047 よくわからないのは、八重瀬嶽が「フィーサン」(火山)と呼ばれていることだ。このあたり、たいした山ではない。標高160㍍くらいの高地で、崖になっているが、とても噴火をした火山があったとは聞かない。そんな地形ではない。
 伝え聞くところによると、火災に悩まされた村人が、風水を見てもらった。すると八重瀬嶽には、火の性があるとのことで、そちらに向けて獅子を置くように、ということになった。

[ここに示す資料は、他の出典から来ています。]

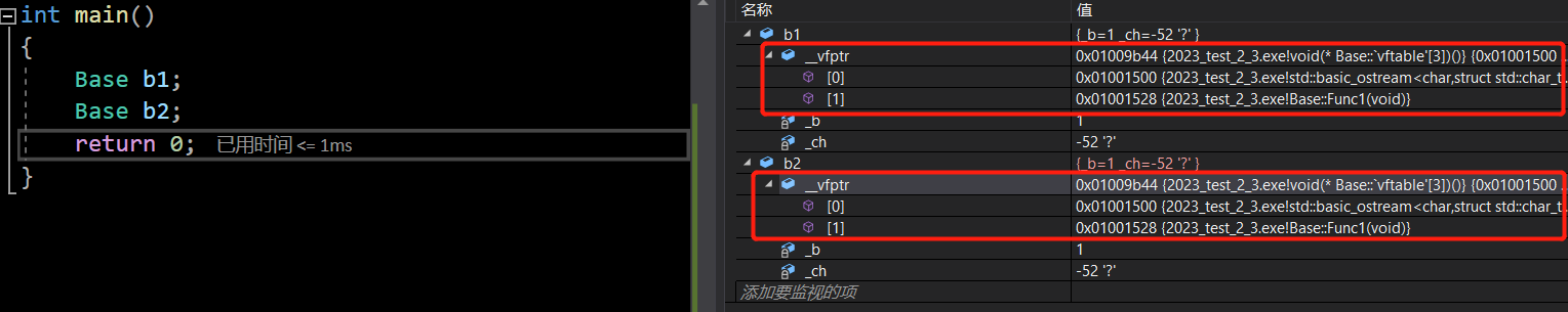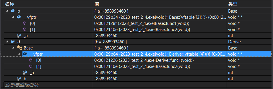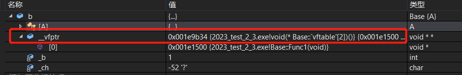 调试观察,我们发现除了成员变量外,还有多一个__vfptr :
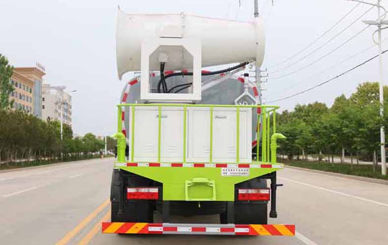 消防灑水車安裝消防車專用消防泵、消防炮、消防取力器。罐體后帶工作平臺,平臺上安裝綠化灑水炮,灑水炮可全方位旋轉,帶前沖后灑,帶側噴,可連續調成直流狀、霧狀、大雨、小雨、毛毛雨,帶安全護欄。罐體頂部安裝消防水炮。帶消防接口,可通過消防栓進水,帶自流閥,消防綠化卷盤。
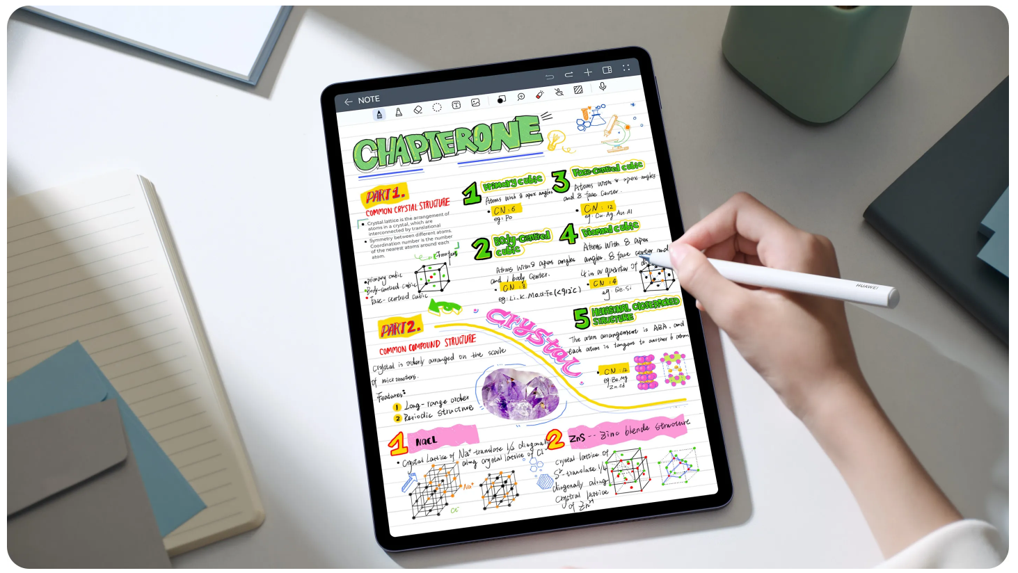 Дисплей PaperMatte10 має унікальну технологію мікровібрації та амортизації, щоб відтворити шелест пера на папері. Пишіть легко та природно за допомогою олівця HUAWEI M-Pencil (2-го покоління)3, який забезпечує 4096 ступенів визначення тиску.11
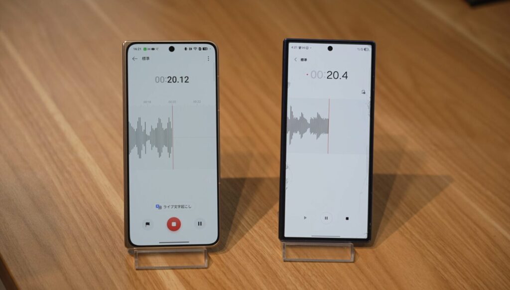 OPPO Find N6(左)には「ライブ文字起こし」のボタンがあるが、Galaxy Z Fold7(右)には文字起こし出来そうなボタンはない
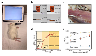 图5. TAHM 生物传感器的动物实验验证。(a) TAHM 生物传感器应用于麻醉天竺鼠口腔内进行 TNF-α 检测的实物照片。 (b) TAHM 生物传感器的实物照片。 (c) 组织黏附水凝胶贴附于猪牙龈表面的实物照片。 (d) TAHM 生物传感器在麻醉天竺鼠口腔内进行 TNF-α 检测时获得的实时信号数据。 (e) 取自麻醉天竺鼠口腔分泌物的离体检测结果,对比了有无SPH条件下的信号变化。
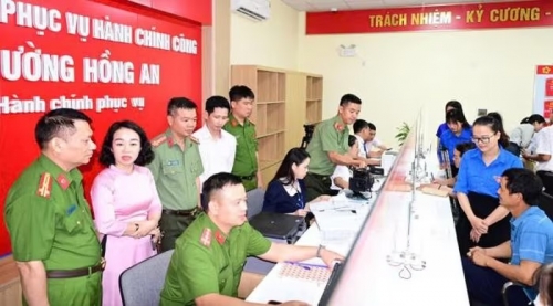 Công an phường Hồng An thực hiện giải quyết thủ tục hành chính trong lĩnh vực đảm bảo ANTT. |
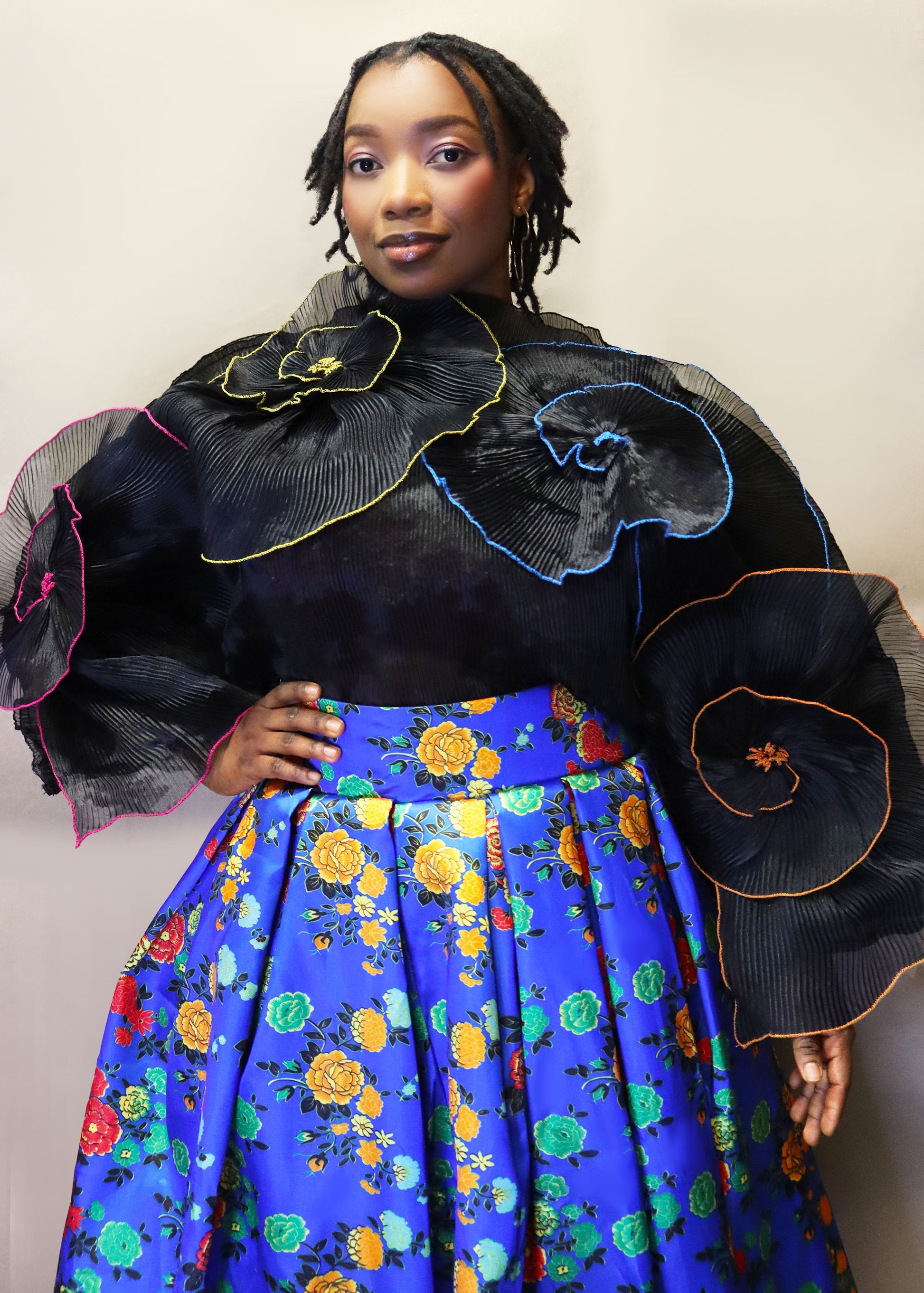 Offered in a sleek solid-color option or an elevated version adorned with sculpted chiffon 3D flowers, this piece brings high-fashion artistry to the forefront. The floral design arcs from sleeve to sleeve and is lined with a vibrant pop of color, adding dimension, texture, and a modern couture feel.

それから火災は起きなくなったそうだ。なぜ「フィーサン」と呼ばれたのか、ようやく分かった。
 ところで、この付近も、沖縄戦では激しい戦闘が続いたところだ。なんと、この石獅子には、銃撃の弾痕がある。042_2

  実は、見た時には気付かなかった。後から、調べていて分かったので、弾痕をアップした写真はない。獅子の側面に小さな丸い穴が見えるのが弾痕である。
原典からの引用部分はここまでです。